Introduction
The current implementation of .NET generics is used mainly to make type-safe collections faster and more easy to use. Doing calculations on generic types is not as straightforward.
The problem
An example for doing calculations on generic types would be a generic method to calculate the sum of all elements in a List<T>
. Of course, summing up all elements of a list only makes sense if T
is a type such as int
, double
, decimal
that defines an addition operation.
Somebody coming from a C++ background might implement such a method like this:
public class Lists {
...
public static T Sum(List<T> list)
{
T sum=0;
for(int i=0;i<list.Count;i++)
sum+=list[i];
return sum;
}
...
}
This is not possible in C# because unconstrained type parameters are assumed to be of type System.Object
, which does not define a +
operation.
To constrain type parameters in C#/.NET, you specify interfaces that the type has to implement. The problem is that interfaces may not contain any static methods, and operator methods are static methods.
So with the current constraint system, it is not possible to define operator constraints.
A clean way to enable numerical computations would be to let the basic data types like int
, float
, double
, decimal
etc. implement an interface for arithmetic operations. Then this interface could be used to constrain the type parameters. This would work similar to the IComparable<T>
interface that all basic data types implement.
I tried to convince the people at Microsoft to implement such an interface, but apparently they won't be able to do it in time for Whidbey.
We are on our own
Many people have been thinking about this problem, among them Eric Gunnerson and even Anders Hejlsberg.
The solution proposed by Anders Hejlsberg was to have an abstract class Calculator<T>
that has to be specialized for each primitive type. The generic type would then use an instance of the appropriate calculator to do the calculations.
Here is the code (copied from Eric Gunnerson's Blog):
First define the abstract base class:
public abstract class Calculator<T>
{
public abstract T Add(T a, T b);
}
Then specialize for the types you want to perform calculations on:
namespace Int32
{
public class Calculator: Calculator<int>
{
public override int Add(int a, int b)
{
return a + b;
}
}
}
Then use an appropriate Calculator<T>
to do the calculations. Here is an example that calculates the sum of all elements in a List<T>
.
class AlgorithmLibrary<T> where T: new()
{
Calculator<T> calculator;
public AlgorithmLibrary(Calculator<T> calculator)
{
this.calculator = calculator;
}
public T Sum(List<T> items)
{
T sum = new T();
for (int i = 0; i < items.Count; i++)
{
sum = calculator.Add(sum, items[i]);
}
return sum;
}
}
You would use it like this:
AlgorithmLibrary library = new AlgorithmLibrary<int>(new Int32.Calculator());
There are many other creative solutions, but all of them have the drawback that they involve some kind of dynamic method invocation (virtual methods, interfaces or delegates).

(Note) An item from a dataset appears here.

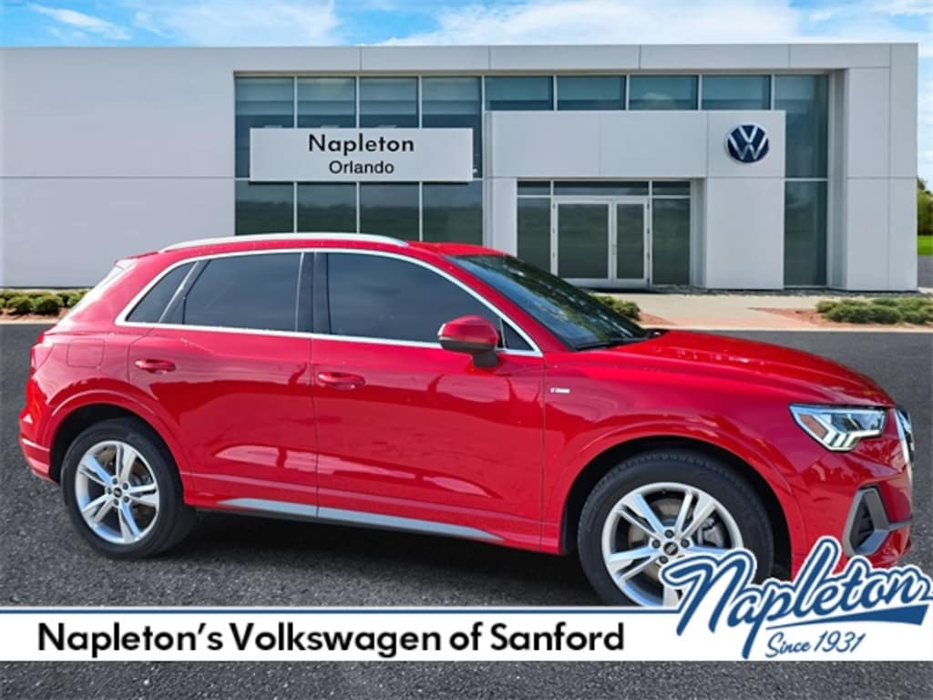 2023 Audi Q3 Premium Q3 Premium S Line quattro, 4D Sport Utility, 2.0L 4-Cylinder TFSI, 8-Speed Automatic with Tiptronic, quattro, Tango Red, Black w/Leather Seating Surfaces, Certified by Carfax - No Accidents, Certified by Carfax - One Owner, Android Auto / Apple Car Play, Backup Camera, Bluetooth Hands Free Calling, Alloy Wheels, Leather, CARFAX Certified- No Accident one Owner, CARFAX Certified - No Accident!, CARFAX Certified - One Owner!, YES! Still Under Factory Warranty, 10 Speakers, 19" Wheel Package, 3.533 Axle Ratio, 4-Wheel Disc Brakes, Air Conditioning, Alloy wheels, AM/FM radio, Auto High-beam Headlights, Brake assist, Bumpers: body-color, Driver vanity mirror, Dual front side impact airbags, Exterior Parking Camera Rear, Four wheel independent suspension, Front Bucket Seats, Front dual zone A/C, Heated Front Bucket Seats, Knee airbag, Leather Seating Surfaces, Leather Shift Knob, Occupant sensing airbag, Outside temperature display, Overhead airbag, Panic alarm, Passenger vanity mirror, Power driver seat, Power moonroof: Panoramic, Power windows, Radio: Audi Sound System, Rain sensing wipers, Rear air conditioning, Rear fog lights, Rear reading lights, Remote keyless entry, Speed control, Spoiler, Telescoping steering wheel, Variably intermittent wipers, Wheels: 19" 5-Double-Spoke Dynamic Design.

So while they make it possible to perform calculations with generic type parameters, the performance is unacceptably low for numerical applications.
The Solution
The first person to come up with a solution that does not involve any virtual method invocation was Jeroen Frijters. The solution uses the fact that constraining type parameters using interfaces is not the same as casting to interfaces. Calling a method using an interface has the overhead of dynamic method dispatch, but calling a method on a type parameter that is constrained by an interface has no such overhead.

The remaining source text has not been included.